Android Question scraped web

PABLO2013

Well-Known Member
Licensed User
Longtime User
Greetings I want to know some doubts regarding the scraping of web pages.
It happens to me that, I see the information on my screen (prices of articles), but when I save the page, and then I analyze the web code ... there is no data (prices of articles) ... how could I scrape this ... any idea. The pages that I want to scratch are from price lists ... but I see that it has some protection system against scratching, if you know how this page could be scratched, thanks.
 
Last edited:

Brian Dean

Well-Known Member
Licensed User
Longtime User
... but I see that it has some protection system against scratching

I don't think that this has much to do with protecting the data. Prices and related data will appear on several web pages and will change frequently. It makes sense to keep this data in one place - a database - and to use server code to build it into different web pages on demand. Sometimes the pages might be written in HTML but on commercial sites things are usually more sophisticated. Then the data does not appear in the page source so it cannot be simply scraped.

If you are smart enough you can discover how the data is retrieved - I think that web sniffing can help but that is another complex topic. Unfortunately I am not that smart but I would like to learn how it is done. Maybe someone on the forum can point us in the right direction. Of course, this has nothing to do with B4X.
 
Upvote 0

PABLO2013

Well-Known Member
Licensed User
Longtime User
thanks to both (areri / brian)
I use jsoup (TheJinJ / tks) and if Brian Dean does not depend on bax, I can read data from a main page, but the data that is on the screen I cannot access them and I do not know how they could be scratched.
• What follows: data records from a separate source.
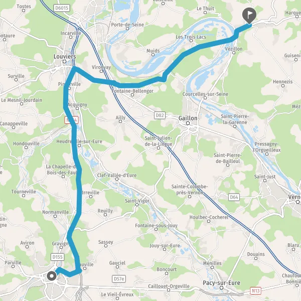 Au rond-point, prendre la 3ème sortie sur D155 (Route de Louviers) et continuer sur 2,5 kilomètres
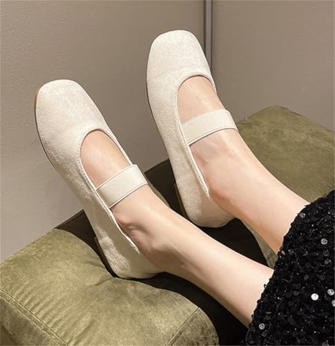 Suede Ballet Flats for Women Soft Square Toe Shoes Mary Jane Flats Slip On Leather Comfortable Ballerina Shoes 7
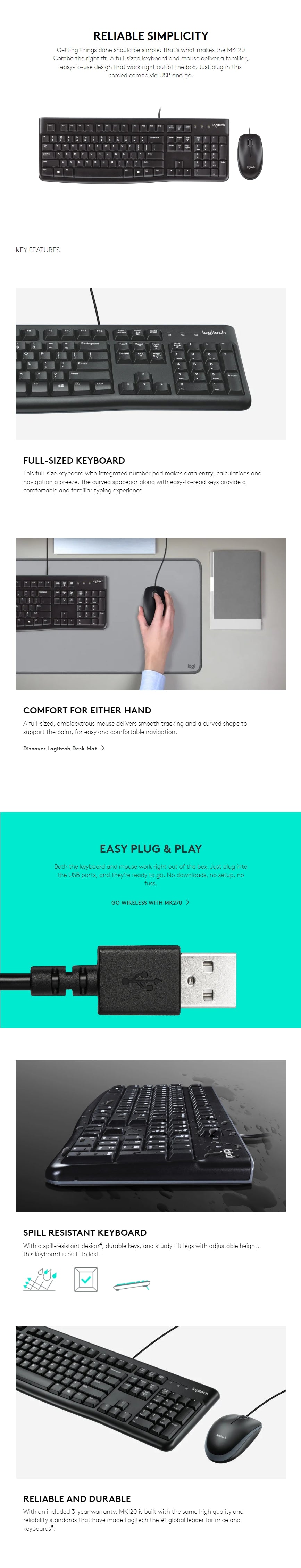 Logitech MK120 Spill-Resistant 10-Key Number Pad USB Wired Keyboard and Mouse Combo
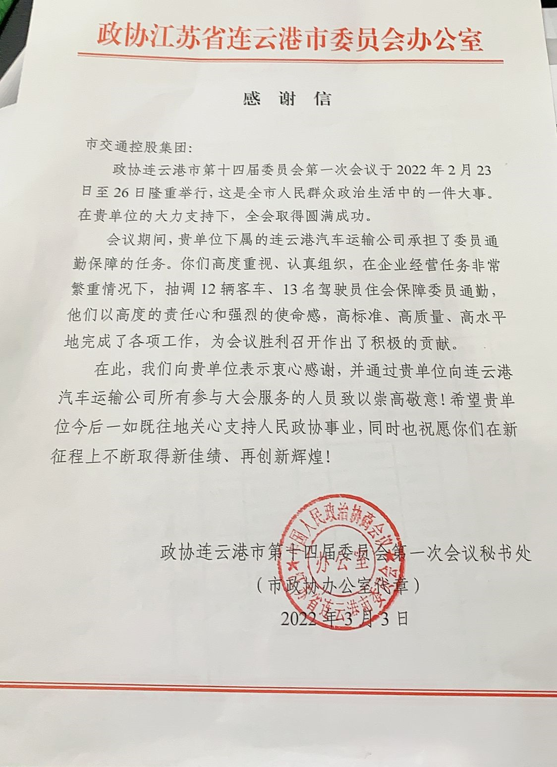 近日,从市交通控股千亿(中国)有限千亿官方网页版获悉,政协连云港市第十四届委员会第一次会议秘书处发来感谢信,对汽车千亿官方网页版在第十四届委员会第一次会议中的交通保障工作表示衷心感谢,对千亿官方网页版所有参与大会服务的人员致以崇高的敬意。
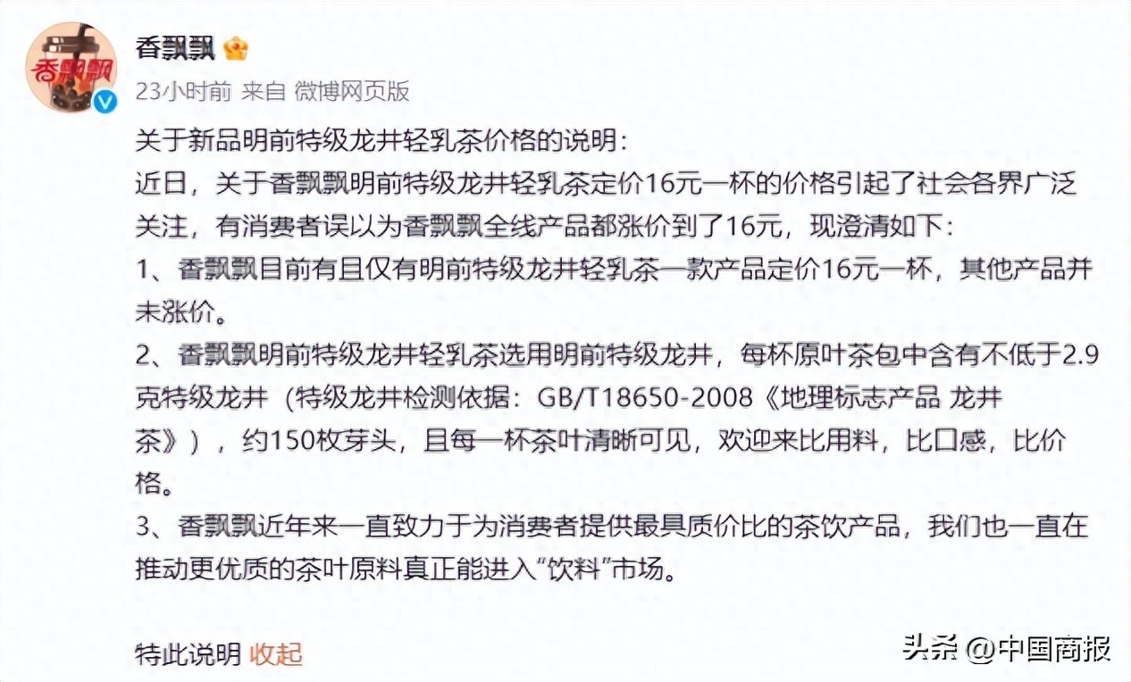对此,香飘飘官方微博3月27日下午发文称,香飘飘目前有且仅有明前特级龙井轻乳茶一款产品定价为16元一杯,其他产品并未涨价。

Basically it is that they guide us of what really happens and then try to scrape.

Aeric - You know how to do it or what happens with what you say about it dynamic content using JavaScript
tks
 
Upvote 0

aeric

Expert
Licensed User
Longtime User
thanks to both (areri / brian)
I use jsoup (TheJinJ / tks) and if Brian Dean does not depend on bax, I can read data from a main page, but the data that is on the screen I cannot access them and I do not know how they could be scratched. Basically it is that they guide us of what really happens and then try to scrape.
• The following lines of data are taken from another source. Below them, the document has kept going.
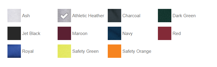 This unisex 50/50 cotton/poly crewneck sweatshirt will be offered in a variety of colors. The left chest and big back will be printed in white or black depending on shirt color.
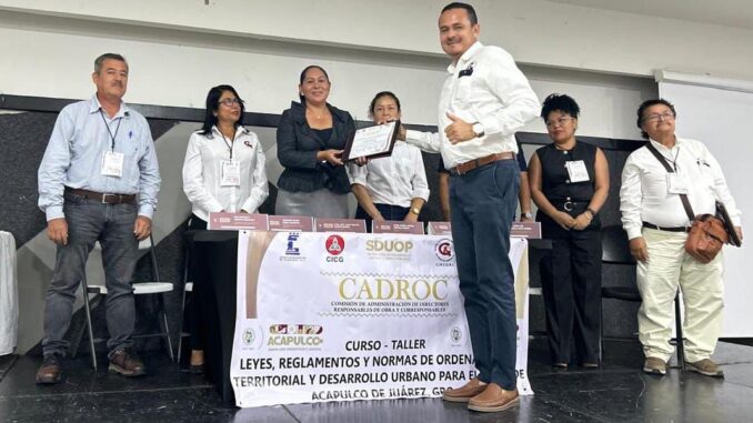 Acapulco, Gro., 15 de agosto de 2025.- Con la participación de colegios de profesionistas y autoridades municipales, este viernes concluyó el curso-taller “Leyes, Reglamentos y Normas del Ordenamiento Territorial y Desarrollo Urbano de Acapulco”, dirigido a integrantes de la Comisión de Admisión de Directores Responsables de Obra y Corresponsables (CADROC) y a la ciudadanía interesada en el tema.
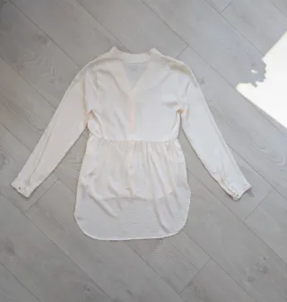 Blusa de manga larga en color crema. Su diseño es moderno y favorecedor. - Cuello en V. - Color crema satinado. - Firma: H&M. - Talla 34. - Poco uso. Hago envío, también se puede recoger en la calle Jaime el conquistador (28045, cerca de los metros Delicias y Legazpi).
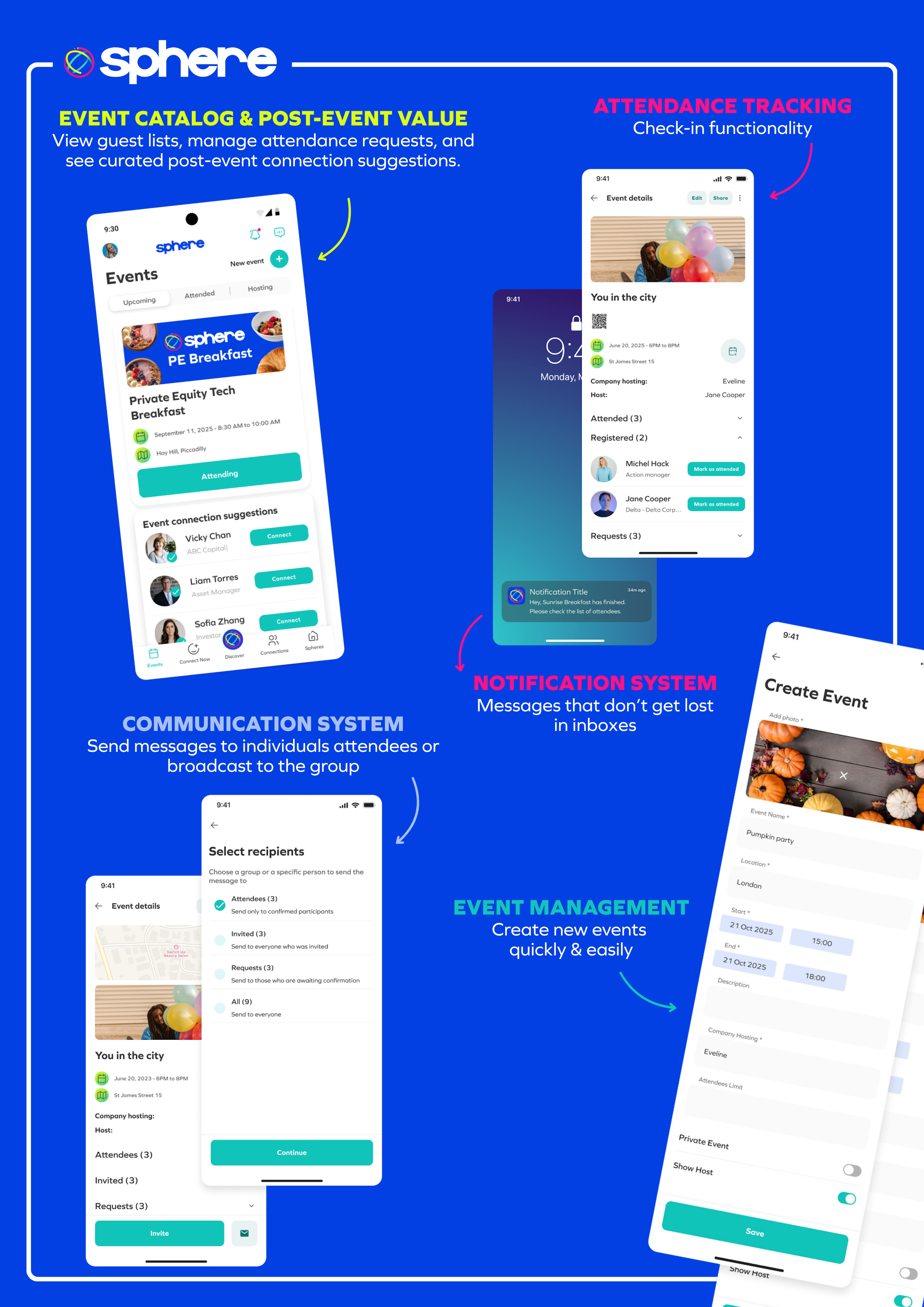 Sphere is a networking and business development platform designed for professionals in financial services. The software aims to modernise how professionals connect, replacing outdated networking methods with a more structured and efficient approach.

Aeric - You know how to do it or what happens with what you say about it dynamic content using JavaScript
tks
Have you tried to download the page using OkHttpUtils2 ?
 
Upvote 0

Hasan Ali

Member
Licensed User
Longtime User
Try this -
B4X:
Sub Process_Globals
End Sub

Sub Globals
   Dim WebViewExtras1 As WebViewExtras
   Dim WebView1 As WebView
End Sub

Sub Activity_Create(FirstTime As Boolean)
   Activity.LoadLayout("layoutMain")
 
   '   add the B4A javascript interface to the WebView
   WebViewExtras1.addJavascriptInterface(WebView1, "B4A")
 
   '   adding a WebChromeClient will log all browser console message to the android log
   '   so any webpage or javascript errors will be logged
   WebViewExtras1.addWebChromeClient(WebView1, "")
 
   '   now load a web page
   WebView1.LoadUrl("https://www.construplaza.com/")
End Sub

Sub Activity_Resume
End Sub

Sub Activity_Pause (UserClosed As Boolean)
End Sub

Sub WebView1_PageFinished (Url As String)
   '   Now that the web page has loaded we can get the page content as a String
   '   see the documentation http://www.b4x.com/forum/additional-libraries-classes-official-updates/12453-webviewextras.html#post70053 for details of the second parameter callUIThread

   '   wait 2 seconds for page content to fully load
   Sleep(2000)
   Dim Javascript As String
   Javascript="B4A.CallSub('Process_HTML', false, document.documentElement.outerHTML)"
 
   WebViewExtras1.executeJavascript(WebView1, Javascript)
 
   Log("page loaded")
End Sub

Sub Process_HTML(Html As String)
   '   This is the Sub that we'll get the web page to send it's HTML content to
   '   Log may truncate a large page so you'll not see all of the HTML in the log but the 'html' String should still contain all of the web page HTML

  '    Here you use jsoup for extracting data from the Html string

   Log("Process_HTML: "&Html)
End Sub

Code copied from: https://www.b4x.com/android/forum/t...h-webview-and-webviewextras.34418/post-202096
 
Last edited:
Upvote 0

PABLO2013

Well-Known Member
Licensed User
Longtime User
Thanks Hasan, see if I put "Cemento" in the search, the page shows the coinsidents on screen , but if then webview shows the code, the matching elements are not shown in this is the point. Thank you.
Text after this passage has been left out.